Once the war began, volumes dropped 18-20%, affecting both top line and bottom line. FY23 PAT was down 31% compared with FY22. Net sales, too, went down 5% year-on-year.

The challenge at hand for the Allcargo management is to ensure growth amid the current macroeconomic environment, especially with a global recession on the anvil. The company, meanwhile, has not lost sight of the exercise done with McKinsey and has been working on it. Shetty calls it a “three lever” approach involving sales acceleration, automation and digital push.

“We implemented the transformation programme (suggested by McKinsey). The entire organisation has been redesigned. We hired 60-70 professionals in senior positions in various divisions in the last two years. The idea was to grow. We had this clear path to growth in the entire transformation programme, through a three-lever approach,” says Shetty.
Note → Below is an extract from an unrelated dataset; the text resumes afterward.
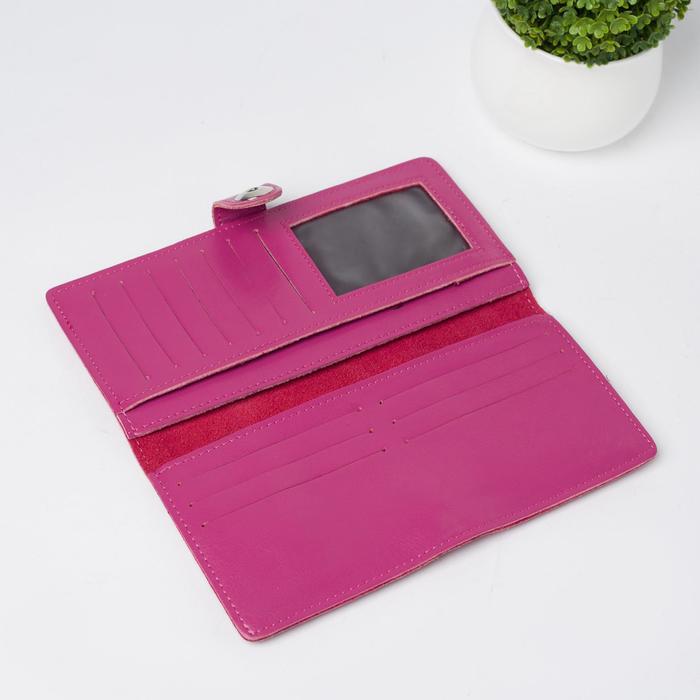 Кошелёк женский, 3 отдела, для карт на магните, цвет фуксия

“The first lever was sales acceleration focusing on the top 15 countries where most volumes are,” he adds. The company saw a volume growth of 17-18% during Covid, which it thinks is sustainable in the long-term. “The decline has been significant for the market, but our fall is roughly around 10%. If you talk to customers or competitors, some people have witnessed 25-30% dip in volumes,” he adds.

“The second lever was streamlining our entire operations in terms of automation, elimination of waste, and enhancing productivity,” adds Shetty. The third lever, the company’s digital transformation plan, focuses on value-added services to customers such as visibility of shipments and offering global services at the click of a button. “We have built a digital platform, ECU 360, for instant cargo booking on 2,500 direct trade lanes across the world and about 4,000 trade lanes via our transhipment centre. It could be from China to Brazil, or from Japan to the U.S., or say, from the U.S. to New Zealand, Australia, or India,” says Shetty.

Another major digitisation initiative in the works is a single financial platform across the world by March next year. “We appointed KPMG to help roll-out a single financial platform across the globe. We are in 21 countries with one single system. By the end of March, we will have it at all locations, including companies in India. That gives us a lot of power,” points out Shetty. A common payment system will help real-time reconciliation and cut down on the number of banks the company is dealing with.

Shetty believes mergers and acquisitions done in the last couple of years will pave the way for future growth. Just before the pandemic, the company acquired Gati Express in India, as well as a Scandinavian and a German firm. However, due to Covid, Gati Express turned out to be a very tough acquisition. It also recently acquired a China-based firm and formed a JV in South Korea. “These are five major inorganic expansions in the last three years,” says Shetty, adding, the company has managed to turn around Gati.

Allcargo has unlocked value of its subsidiaries as well. It recently demerged Allcargo Terminals and Transindia Real Estate, with plans to list both in the future.

Shetty, who leads a team of 8,500 members over 300 offices across 160 countries, has his eyes set on growth. The past three years have been challenging for him as well as the company on many counts. But Shetty has managed to navigate them all, drawing strength from his core belief that success is a mix of sustainability of the financial health and culture of the company, and building scale.